- _Exercise instructions_
Leaving the pictures aside, transcribe the data below exactly.

[Materials provided Boundary: Start]

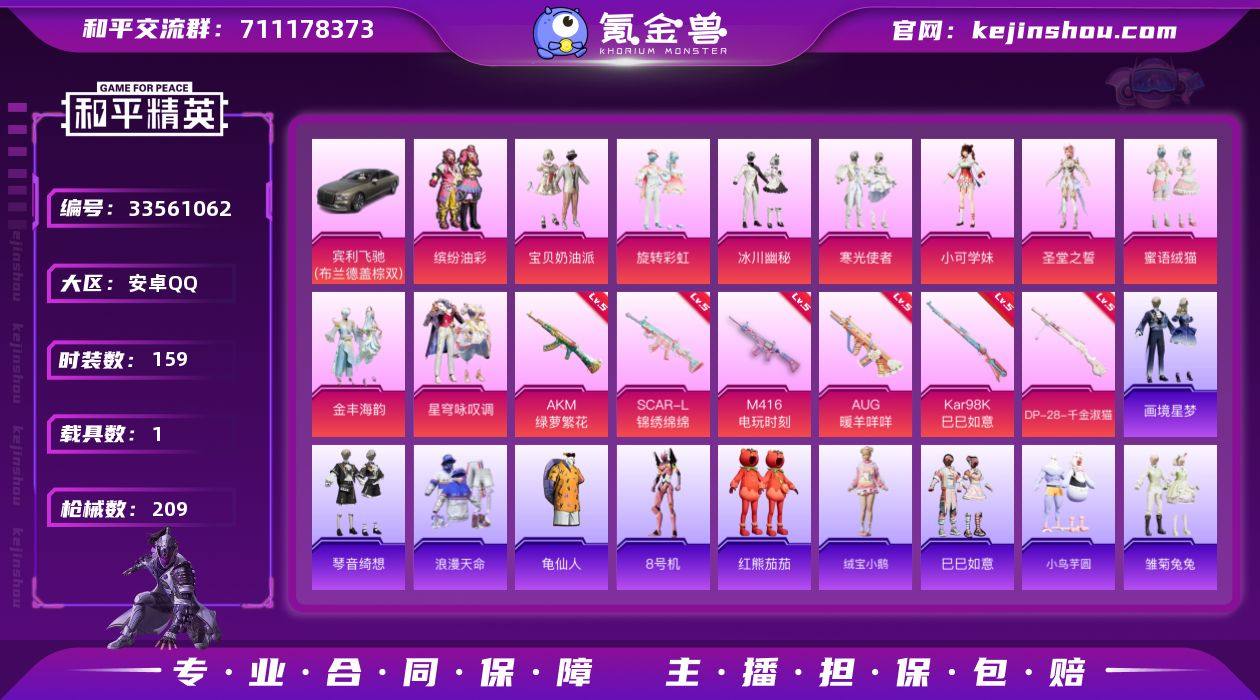 安卓【小号/11王牌印记/缤纷油彩/蓝螳螂/10粉装-6特效枪-1载具-3粉色飞行器】 手Q--67397热力值-11王牌印记-159套装-209枪皮 【热门品类】:粉装-缤纷油彩,套装-浪漫天命,套装-龟仙人,角色-8号机,套装-红熊茄茄 【粉色套装】:粉装-宝贝奶油派,粉装-缤纷油彩,粉装-旋转彩虹,粉装-冰川幽秘,粉装-寒光使者,角色-小可学妹,角色-圣堂之誓,粉装-蜜语绒猫,粉装-金丰海韵,粉装-星穹咏叹调 【粉色枪皮等级】:AKM-绿萝繁花(五级),SCAR-L-锦绣绵绵(五级),M416-电玩时刻(五级),AUG-暖羊咩咩(五级),Kar98K-巳巳如意(五级),DP-28-千金淑猫(五级) 【粉色载具】:宾利飞驰(布罗德盖棕双色) 【粉色枪皮】:AKM-绿萝繁花,SCAR-L-锦绣绵绵,M416-电玩时刻,AUG-暖羊咩咩,Kar98K-巳巳如意,DP-28-千金淑猫 【粉色飞行器】:天之羽翼飞行器,萌物绒绒飞行器,凤舞九天飞行器 【粉色降落伞】:旋转彩虹降落伞,暗夜鎏金降落伞,第五大道降落伞,仲夏莫吉托降落伞,闲梦青缨降落伞,萌物绒绒降落伞,蜜语绒猫降落伞,鸢尾晶梦降落伞,金丰海韵降落伞,千金淑猫降落伞,鬼刀降落伞,绯果甜心降落伞,星穹咏叹调降落伞,幻彩电音降落伞,冷漠罗丽降落伞 【稀有套装】:套装-龟...
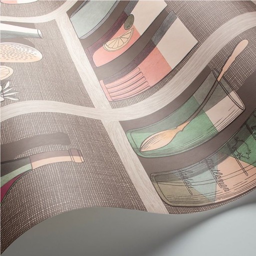 Le papier peint Cocktail de la collection Fornasetti Senza Tempo de Cole & Son, inspiré d'un design d seau à glace intitulé 'Oggetti Cocktail' conçu par Piero Fornasetti dans les années 1950, illustre son intérêt pour les variations multiples d'un même thème à travers des études répétées.
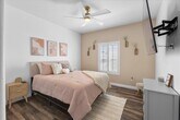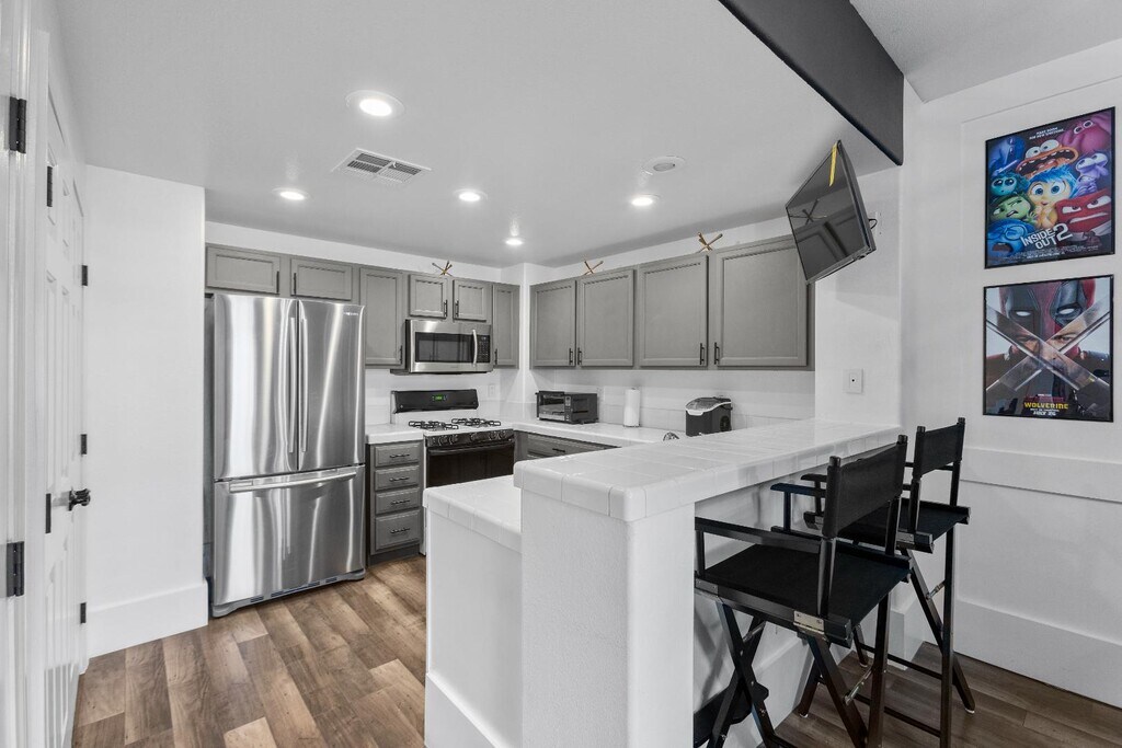 Experience luxury living in this fully furnished 2BR/2BA condo in the gated Garden Terrace community of Summerlin. Perfect for short-term stays, this stylish 1,299 sq ft home features a spacious living room with projector, blackout curtains, and theater-style setup, a modern kitchen with stainless steel appliances and breakfast bar, plus a dining area with designer lighting. The primary suite offers a king bed, accent wall, flat-screen TV, and spa-like bath with dual sinks, while the guest bedroom includes a queen bed and chic décor. Enjoy a private balcony, in-unit laundry, and attached garage. Community amenities include a resort-style pool, spa, fitness center, clubhouse, BBQ areas, and gated security. Located minutes from Downtown Summerlin, Red Rock Canyon, dining, shopping, and the Strip with easy freeway access. Lease terms flexible—monthly, 3-month, or 6-month stays welcome. Utilities, WiFi, and streaming options available. Experience luxury living in this fully furnishe...
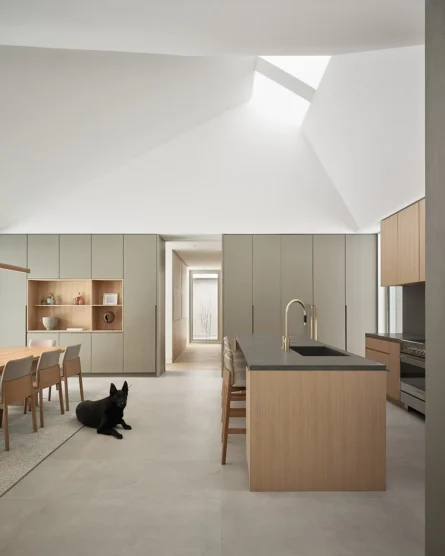This indoor-outdoor connection is a strong focus throughout the architecture. Skylights along the vaulted ceiling fill the home with ample natural light and bring the outdoors in. The primary bathroom looks onto a courtyard in the centre of the home that provides an added vantage point onto nature. This courtyard is situated where the sloped roof dips and is demarcated by wooden slats, adding additional visual interest.
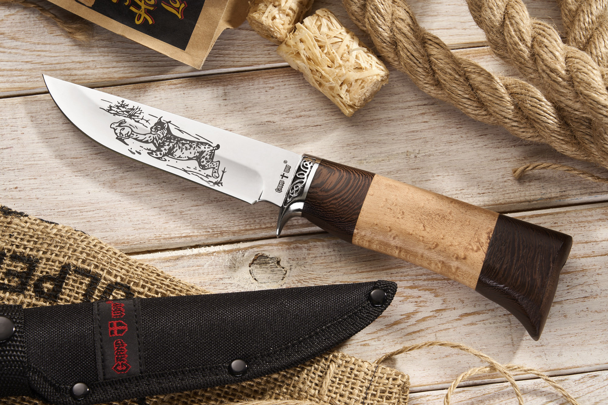 Деревина не лише виглядає привабливо, але й приємна на дотик. Вона не замерзає в холодну погоду, не нагрівається в спеку, має привабливе забарвлення та малюнок і чудово поєднується з оздобленим клинком та больстером ножа.
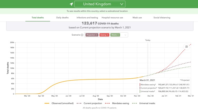 As I said last time, the model shows that a vaccine available at the outset of the epidemic would have kept UK deaths below 20,000 at the present time. The cumulative impact of the pandemic in the UK and worldwide through 2020, without a vaccine, has been tragic.
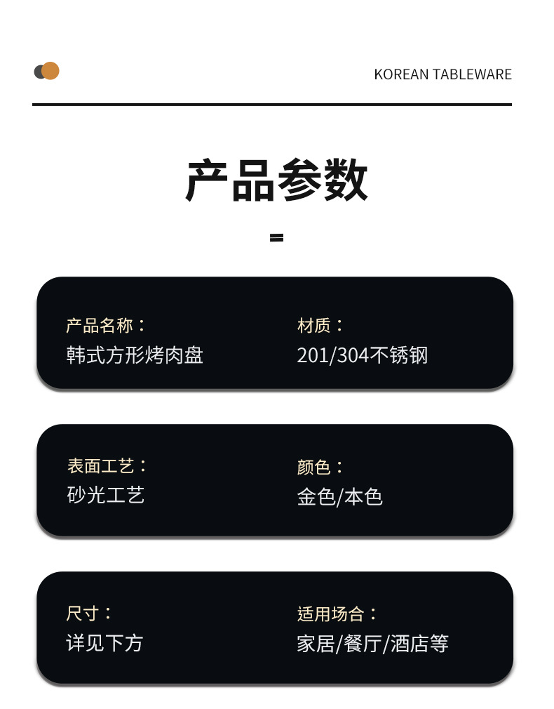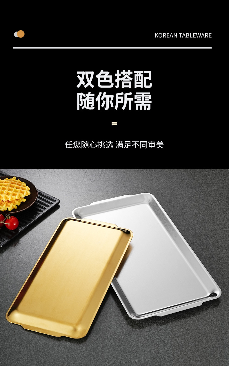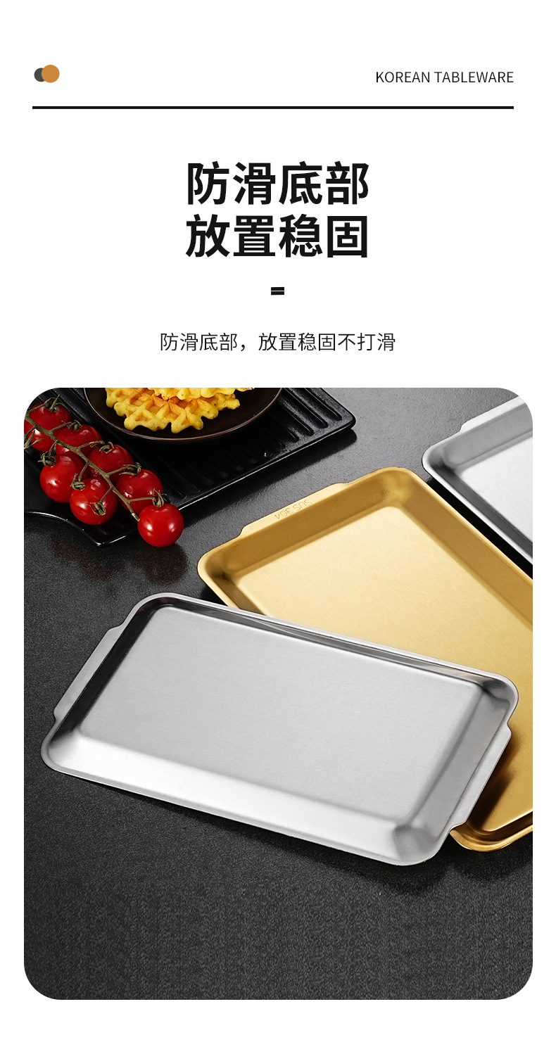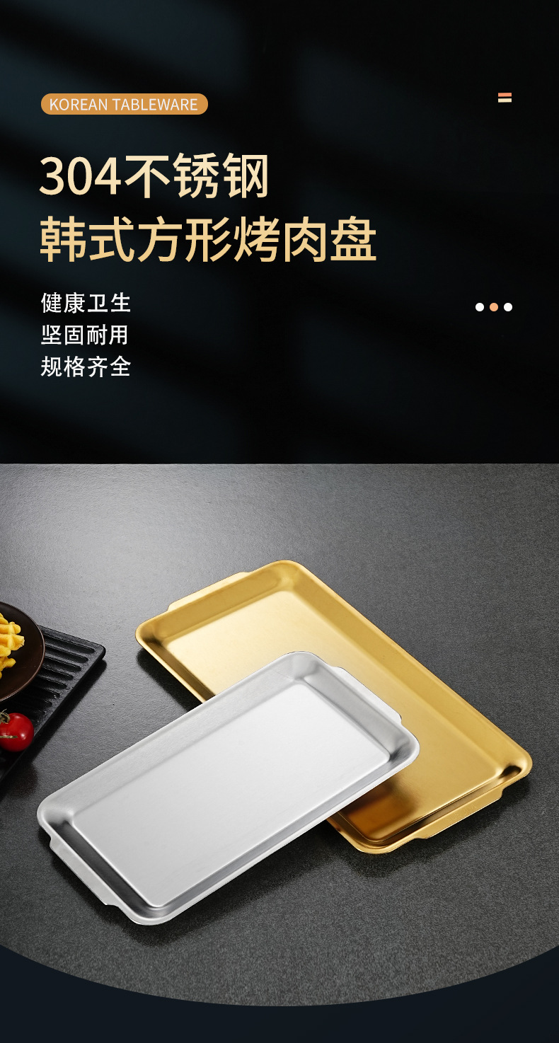 공장 직접 판매 한국식 바베큐 접시 스테인레스 스틸 사각형 접시 바베큐 플랫 트레이 골든 인 스타일 접시 고급스러운스토어 가기

[Materials provided Boundary: End]

- _Solution to the problem_
 安卓【小号/11王牌印记/缤纷油彩/蓝螳螂/10粉装-6特效枪-1载具-3粉色飞行器】 手Q--67397热力值-11王牌印记-159套装-209枪皮 【热门品类】:粉装-缤纷油彩,套装-浪漫天命,套装-龟仙人,角色-8号机,套装-红熊茄茄 【粉色套装】:粉装-宝贝奶油派,粉装-缤纷油彩,粉装-旋转彩虹,粉装-冰川幽秘,粉装-寒光使者,角色-小可学妹,角色-圣堂之誓,粉装-蜜语绒猫,粉装-金丰海韵,粉装-星穹咏叹调 【粉色枪皮等级】:AKM-绿萝繁花(五级),SCAR-L-锦绣绵绵(五级),M416-电玩时刻(五级),AUG-暖羊咩咩(五级),Kar98K-巳巳如意(五级),DP-28-千金淑猫(五级) 【粉色载具】:宾利飞驰(布罗德盖棕双色) 【粉色枪皮】:AKM-绿萝繁花,SCAR-L-锦绣绵绵,M416-电玩时刻,AUG-暖羊咩咩,Kar98K-巳巳如意,DP-28-千金淑猫 【粉色飞行器】:天之羽翼飞行器,萌物绒绒飞行器,凤舞九天飞行器 【粉色降落伞】:旋转彩虹降落伞,暗夜鎏金降落伞,第五大道降落伞,仲夏莫吉托降落伞,闲梦青缨降落伞,萌物绒绒降落伞,蜜语绒猫降落伞,鸢尾晶梦降落伞,金丰海韵降落伞,千金淑猫降落伞,鬼刀降落伞,绯果甜心降落伞,星穹咏叹调降落伞,幻彩电音降落伞,冷漠罗丽降落伞 【稀有套装】:套装-龟...
 Le papier peint Cocktail de la collection Fornasetti Senza Tempo de Cole & Son, inspiré d'un design d seau à glace intitulé 'Oggetti Cocktail' conçu par Piero Fornasetti dans les années 1950, illustre son intérêt pour les variations multiples d'un même thème à travers des études répétées.
 Experience luxury living in this fully furnished 2BR/2BA condo in the gated Garden Terrace community of Summerlin. Perfect for short-term stays, this stylish 1,299 sq ft home features a spacious living room with projector, blackout curtains, and theater-style setup, a modern kitchen with stainless steel appliances and breakfast bar, plus a dining area with designer lighting. The primary suite offers a king bed, accent wall, flat-screen TV, and spa-like bath with dual sinks, while the guest bedroom includes a queen bed and chic décor. Enjoy a private balcony, in-unit laundry, and attached garage. Community amenities include a resort-style pool, spa, fitness center, clubhouse, BBQ areas, and gated security. Located minutes from Downtown Summerlin, Red Rock Canyon, dining, shopping, and the Strip with easy freeway access. Lease terms flexible—monthly, 3-month, or 6-month stays welcome. Utilities, WiFi, and streaming options available. Experience luxury living in this fully furnishe...
This indoor-outdoor connection is a strong focus throughout the architecture. Skylights along the vaulted ceiling fill the home with ample natural light and bring the outdoors in. The primary bathroom looks onto a courtyard in the centre of the home that provides an added vantage point onto nature. This courtyard is situated where the sloped roof dips and is demarcated by wooden slats, adding additional visual interest.
 Деревина не лише виглядає привабливо, але й приємна на дотик. Вона не замерзає в холодну погоду, не нагрівається в спеку, має привабливе забарвлення та малюнок і чудово поєднується з оздобленим клинком та больстером ножа.
 As I said last time, the model shows that a vaccine available at the outset of the epidemic would have kept UK deaths below 20,000 at the present time. The cumulative impact of the pandemic in the UK and worldwide through 2020, without a vaccine, has been tragic.
 공장 직접 판매 한국식 바베큐 접시 스테인레스 스틸 사각형 접시 바베큐 플랫 트레이 골든 인 스타일 접시 고급스러운스토어 가기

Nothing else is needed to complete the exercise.